Spare a
Copper
A right bleedin’ berk in the War Reserve police force struggles
along to make the grade, meets a girl, fails the flying squad motorcycle test
spectacularly, gets utilized by saboteurs, goes on the run, saves the day and
gets the girl, as well as the motorcycle (with sidecar).
H.M.S. Hercules,
to be launched at Birkenhead, is the target battleship.
“Lucrative...
convoluted... unwieldy and overly complex... squandered”, says Vic Pratt of the
British Film Institute. “Everything percolating as it
should,” says ‘Alliwell.
Dancing with Crime
A lowly cabdriver, still in his kit with battle ribbons (hero at
Tobruk) though his sergeant stripes are off, finds a crooked chum dead in his
cab and investigates a certain Palais-de-Danse in Camberwell, center of a crime
ring.
English critics
pooh-pooh this as “conventional”, turning a blind eye to a particularly
brilliant film by a spectacularly able director whose specialty here is the
psychological, the unspoken, revealed in a look or a tone of voice. An awful lot of Hitchcock touches are there, details like
the hungry kids gaping through the window at diners on fish and chips, and the
sergeant from Scotland Yard accosted by a dance hostess. “Excuse
me,” she says, “are you dancing?”
“No,” he replies,
“it’s just the way I walk.”
Man Of The Moment
Even the beauteous international film star is up to no good, a
Brodnian agent so please you, as the powers maneuver toward an empty place in
the sea called Mahoola, with nowt to its name but a volcano, and that extinct,
yet the Queen of Tawaki won’t have any part of her domain lose its cherished
way of life, and so, at an international conference in Geneva, a file clerk
from the Ministry of Overseas Affairs in London becomes the title character,
loses interest in his idol of showbiz, wins the girl of his dreams and a
knighthood and the Brodnian Order of the Blue Dahlia, easy as falling down.
Jumping for Joy
The chap who cleans up the track for the dogs is given the sack
after riding the rabbit by misadventure, he buys a greyhound bitch for two
quid, it’s been doped, the owner wants to put it down.
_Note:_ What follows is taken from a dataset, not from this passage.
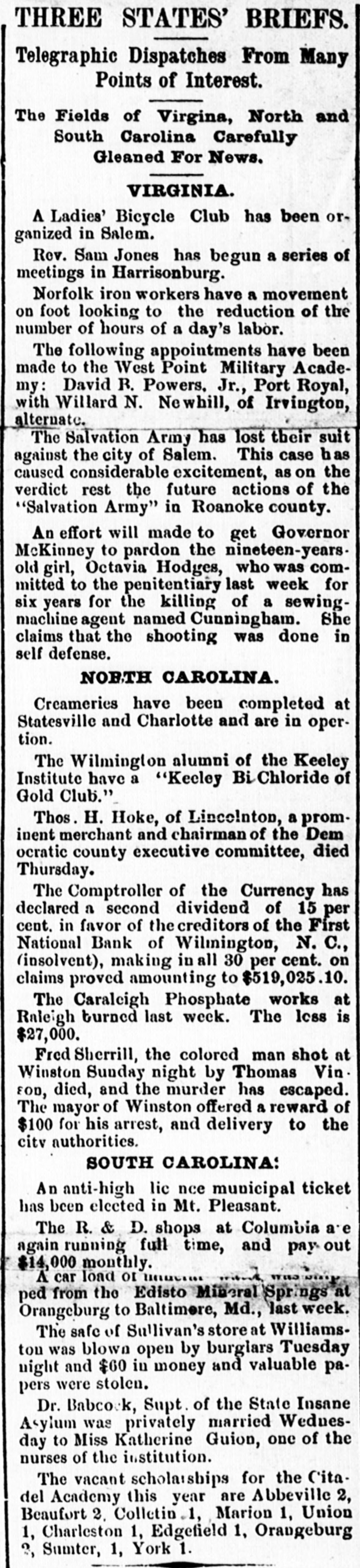 THREE STATES' BRIEFS. Telegraphic Dispatches From Many Points of Interest. The Fields of Virgina, North and South Carolina Carefully Gleaned For News. VIRGINIA. A Ladies' Bicycle Club has been organized in Salem. Rev. Sam Jones has begun a series of meetings in Harrisonburg. Norfolk iron workers have a movement on foot looking to the reduction of the number of hours of a day's labor. The following appointments have been made to the West Point Military Academy: David R. Powers. Jr., Port Royal, with Willard N. Newhill, of Irvington, alternate. The Salvation Army has lost their suit against the city of Salem. This case has caused considerable excitement, as on the verdict rest the future actions of the "Salvation Army" in Roanoke county. An effort will made to get Governor McKinney to pardon the nineteen-years. old girl, Octavia Hodges, who was committed to the penitentiary last week for six years for the killing of a sewingmachine agent named Cunningbam. She claims that the shooting was done in self defense. NORTH CAROLINA. Creameries have been completed at Statesville and Charlotte and are in opertion. The Wilmington alumni of the Keeley Institute have a "Kecley Bi Chloride of Gold Club." Thos. H. Hoke, of Lincolnton, a prominent merchant and chairman of the Dem ocratic county executive committee, died Thursday. The Comptroller of the Currency has declared a second dividend of 15 per cent. in favor of the creditors of the First National Bank of Wilmington, N.C., (insolvent), making in all 30 per cent. on claims proved amounting to $519,025.10. The Caraleigh Phosphate works at Raleigh turned last week. The less is $27,000. Fred Sherrill, the colored man shot at Winston Sunday night by Thomas Vin. FOD, died, and the murder has escaped. The mayor of Winston offered a reward of $100 for his arrest, and delivery to the city authorities. SOUTH CAROLINA: An anti-high lic nce municipal ticket has been elected in Mt. Pleasant. The R. & D. shops at Columbia are again running full time, and pay out $14,000 monthly. A car load or ped from the Edisto Mineral Springs at Orangeburg to Baltimere, Md., last week. The safe of Sullivan's store at Williamstou was blown open by burglars Tuesday night and $60 in money and valuable papers were stolen. Dr. Babcock, Supt. of the State Insane Asylum was privately married Wednesday to Miss Katherine Guion, one of the nurses of the institution. The vacant scholarships for the Cita. del Academy this year are Abbeville 2, Beaufort 2. Colletin 1, Marion 1, Union 1, Charleston 1, Edgefield 1, Orangeburg 3, Sumter, 1, York 1.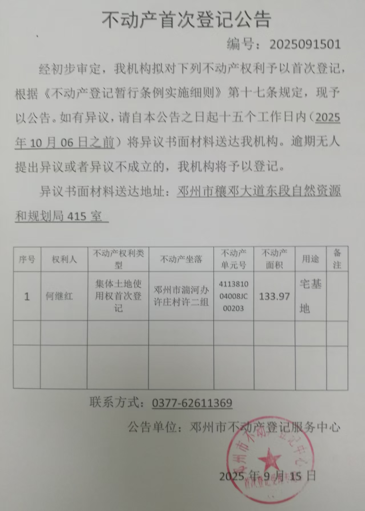 何继红不动产首次登记公告(编号;2025091501)

His landlady throws him out, he meets a penniless chevalier
d’industrie and a nasty villain, the dog recovers and wins the Golden Bowl.
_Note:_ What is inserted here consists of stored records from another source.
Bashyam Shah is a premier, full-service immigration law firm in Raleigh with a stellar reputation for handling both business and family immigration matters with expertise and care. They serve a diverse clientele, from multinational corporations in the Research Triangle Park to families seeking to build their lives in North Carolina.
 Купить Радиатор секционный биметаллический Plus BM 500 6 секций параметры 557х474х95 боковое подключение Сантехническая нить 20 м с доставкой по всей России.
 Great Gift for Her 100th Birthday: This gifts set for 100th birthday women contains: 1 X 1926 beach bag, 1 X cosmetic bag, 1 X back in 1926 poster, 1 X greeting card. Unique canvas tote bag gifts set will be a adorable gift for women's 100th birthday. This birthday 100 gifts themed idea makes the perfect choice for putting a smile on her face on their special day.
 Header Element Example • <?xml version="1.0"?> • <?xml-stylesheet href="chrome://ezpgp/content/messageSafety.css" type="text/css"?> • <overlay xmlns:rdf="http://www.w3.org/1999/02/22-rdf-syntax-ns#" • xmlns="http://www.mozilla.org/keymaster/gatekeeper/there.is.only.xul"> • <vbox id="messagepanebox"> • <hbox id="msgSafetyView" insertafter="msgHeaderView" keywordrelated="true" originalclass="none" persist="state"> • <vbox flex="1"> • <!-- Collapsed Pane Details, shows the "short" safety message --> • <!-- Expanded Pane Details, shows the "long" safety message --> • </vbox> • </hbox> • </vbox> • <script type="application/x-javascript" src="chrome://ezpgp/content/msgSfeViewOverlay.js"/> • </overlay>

A film in various styles through the Forties and Thirties back
to silent films.
The
Big Money
It is in counterfeit, a young man’s fancy. The
gang is headed by a con man disguised as a clergyman.
The young man unexpectedly burdened by these riches is the
stammering scion of a roguish family all thieves and respectable suburbanites. His girl the barmaid wants a good time, posh.
A great master of comedy is Carstairs
in the well-breathed American manner of Technicolor and VistaVision
quite beautifully realized as a setting for his English gem.
A maharajah’s suite at the Grand, the girl in for dinner, the
faux clergyman met at Ascot...
With its visiting Arab prince and the Australian uranium swindle,
a foreglimpse of John Goldfarb, Please
Come Home! (dir. J. Lee Thompson).
Britmovie, “sadly
let-down by a weak script.” Halliwell’s Film Guide, “none of the jokes comes off.”
A
Weekend with Lulu
“There, there,” says the calm Englishman to an energetic and unintelligible
policeman in France whilst handing him an ice cream from the company van he and
a pal have borrowed for the title venture with Deirdre the calm Englishman’s
intended and eke her mother, a seaside holiday gone astray in the night and now
foundering on the Continent, “suck it!”
This depends on the mighty comedic frame of Irene Handl even as
Asquith’s The Importance of Being Earnest
on Edith Evans (Eric Sykes abstracts her and her “little Gaylord, I don’t want
him to blot his little copybook” to the frozen limit in It’s Your Move). Then there is the Pharaonic adventure at the Count’s château that gives Mrs. Bell a right bit of déja vu, “isn’t this a stately home? A bob-a-nob place.”
“Where’s this food,” she wearily asks at Champigneulles,
“I’m ravishin’!” Downstairs
at the restaurant M. le Conte, upstairs chez Madame Bon-Bon, a proper bordel and no
mistake. Booking the air ferry from Trouville, “I say, a coot...” Pennington-Richards
has Handl and Sid James for a stately consideration of the material (Double Bunk), Carstairs
takes his Tour de France from The Happy Road
(dir. Gene Kelly). The Flying Corsican of the flying
squad and his uniformed driver later promoted into Inspector Clouseau (Graham
Stark no less) are a pleasant memory so please you of Citizen Chauvelin. The deus ex machina is by way of William A. Seiter in Mexico (Borderline).
Britmovie, “breezy farce
spiced with Gallic wisecracks”. TV Guide, “enjoyable comedy”. Eleanor Mannikka (All Movie
Guide), “standard British comedy of the absurd”.